How to Prepare Poisoned Data?

The DatasetBD Class in data_loader.py can be used to generate poisoned training set by different attacks.

The following is an example:

from data_loader import *
    if opt.load_fixed_data:
        # load the fixed poisoned data of numpy format, e.g. Dynamic, FC, DFST attacks etc. 
        # Note that the load data type is a pytorch tensor
        poisoned_data = np.load(opt.poisoned_data_path, allow_pickle=True)
        poisoned_data_loader = DataLoader(dataset=poisoned_data,
                                            batch_size=opt.batch_size,
                                            shuffle=True,
                                            )
    else:
        poisoned_data, poisoned_data_loader = get_backdoor_loader(opt)

    test_clean_loader, test_bad_loader = get_test_loader(opt)

Note that, for attacks Dynamic, DFTS, FC, etc, it is hard to include them in the get_backdoor_loader(). So, better to create pre-poisoned datasets for these attacks using create_poisoned_data.py, then load the poisoned dataset by setting opt.loader_fixed_data == True.

An example of how to create a poisoned dataset by the Dynamic attack is given in the create_backdoor_data dictionary.

Please feel free to read create_poisoned_data.py and get_backdoor_loader and adjust the parameters for your experiment.

ABL - Stage One: Backdoor Isolation

To isolate 1% potentially backdoored examples and an isolation model, you can run the following command:

$ python backdoor_isolation.py 

After that, you will get an isolation model and use it to isolate 1% poisoned data of the lowest training loss. The isolated data and isolation model will be saved to 'isolation_data' and 'weight/isolation_model', respectively.

Please check more details of the experimental settings in Section 4 and Appendix A of our paper, and adjust the parameters in config.py for your experiment.
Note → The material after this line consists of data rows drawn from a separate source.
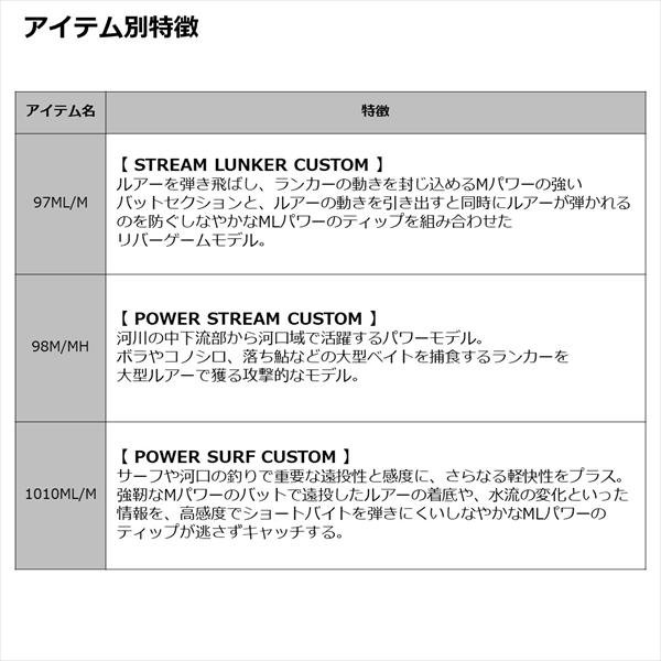 標準自重:111g 全長:2.62m 継数:2 仕舞寸法:135cm 先径/元径:1.7mm/10.8mm ルアー重量:7-35g 適合ラインナイロン:8-16IB 適合ラインPE:0.6-1.5号 カーボン含有率:100% 【ダイワ キャスティング情報2021】【21newdaiwa】 至極のシーバスロッド「BRANZINO」その強さに「EXPERT」の軽さを融合したダイワの最高傑作!軽さと感度、操作性、パワー、すべてを高次元で達成したシーバスロッドの最高峰10%に迫る大幅な軽量化によって鋭敏な感度と高い操作性を実現■87ML(アーバンサイドカスタムO3) あらゆるキャストモーションやルアー操作が 軽快な大野ゆうき監修SPモデル ■94ML(マッチザバイトカスタム) 87MLの操作性を極限まで保って ロングレングス化 遠投性を強化した大野ゆうき監修SPモデル■97ML/M(ストリームランカーカスタム) Mパワーの強いバットセクションとしなやかな MLパワーのティップのリバーゲームモデル■98M/MH(パワーストリームカスタム) 河川中下流部から河口域で大型ベイトを捕食する ランカーを大型ルアーで獲るパワーモデル■1010ML/M(パワーサーフカスタム) サーフや河口の釣りで重要な遠投性と感度に さらなる軽快性をプラスした大場所モデル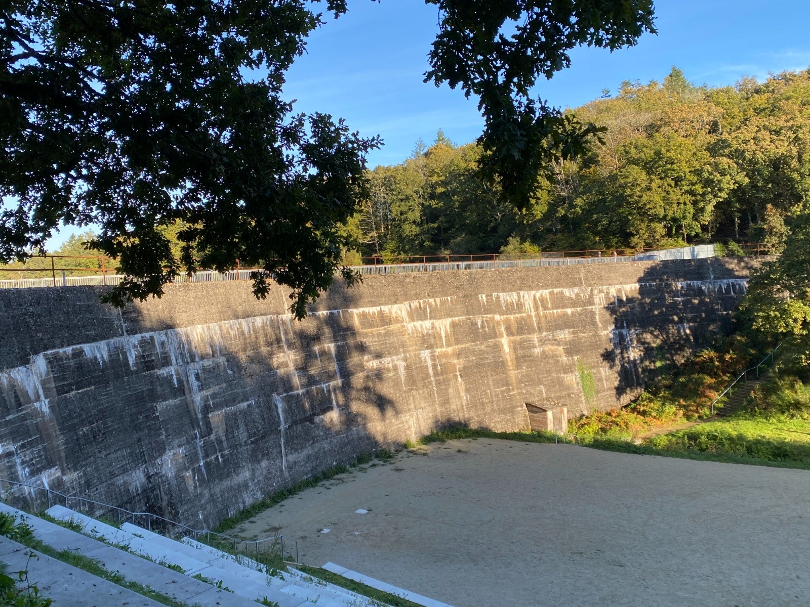 Au pied du barrage ( photo no 18 ) , sur votre gauche en remontant le chemin, vous pourrez admirer l'oeuvre pérenne ( photo no 5 ) "Les Worthies" de Marianne Vitale.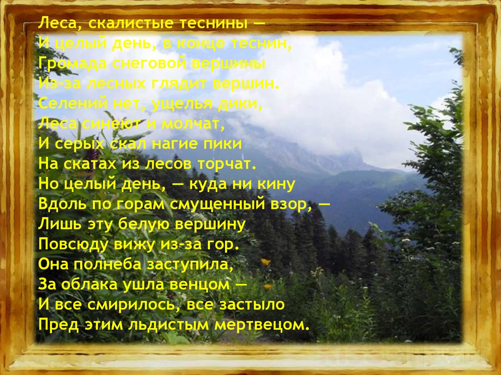 Леса, скалистые теснины —И целый день, в конце теснин,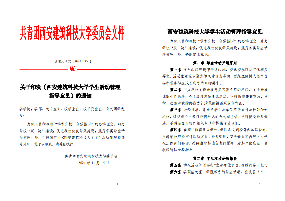 为切实加强和改进大学生思想政治教育,保障我院学生课外活动健康、有序地开展,加强我院学生活动安全管理,规范学生活动秩序。2021年12月5日,我院两校区全体学生干部以新一届学生干部座谈学习会为契机,于南山书院201组织学习了《关于印发《raybet在线官网学生活动管理指导意见》的通知(西建大团发[2021]25号)》文件内容。

ABL - Stage Two: Backdoor Unlearning

With the 1% isolated data and the isolation model, we can then continue with the later training of unlearning using the following code:

$ python backdoor_unlearning.py 

At this stage, the backdoor has already been learned into the isolation model. In order to improve the clean acc of the isolation model, we finetune the model for several epochs before unlearning. If you want to go directly to see the unlearning result, you can skip the finetuning step by setting opt.finetuning_ascent_model== False .

The final result of unlearning will be saved to ABL_results and logs. Please read backdoor_unlearning.py and config.py and adjust the parameters for your experiment.


Links to External Repos

Attacks

CL: Clean-label backdoor attacks

SIG: A New Backdoor Attack in CNNS by Training Set Corruption Without Label Poisoning

## reference code
def plant_sin_trigger(img, delta=20, f=6, debug=False):
    """
    Implement paper:
    > Barni, M., Kallas, K., & Tondi, B. (2019).
    > A new Backdoor Attack in CNNs by training set corruption without label poisoning.
    > arXiv preprint arXiv:1902.11237
    superimposed sinusoidal backdoor signal with default parameters
    """
    alpha = 0.2
    img = np.float32(img)
    pattern = np.zeros_like(img)
    m = pattern.shape[1]
    for i in range(img.shape[0]):
        for j in range(img.shape[1]):
            for k in range(img.shape[2]):
                pattern[i, j] = delta * np.sin(2 * np.pi * j * f / m)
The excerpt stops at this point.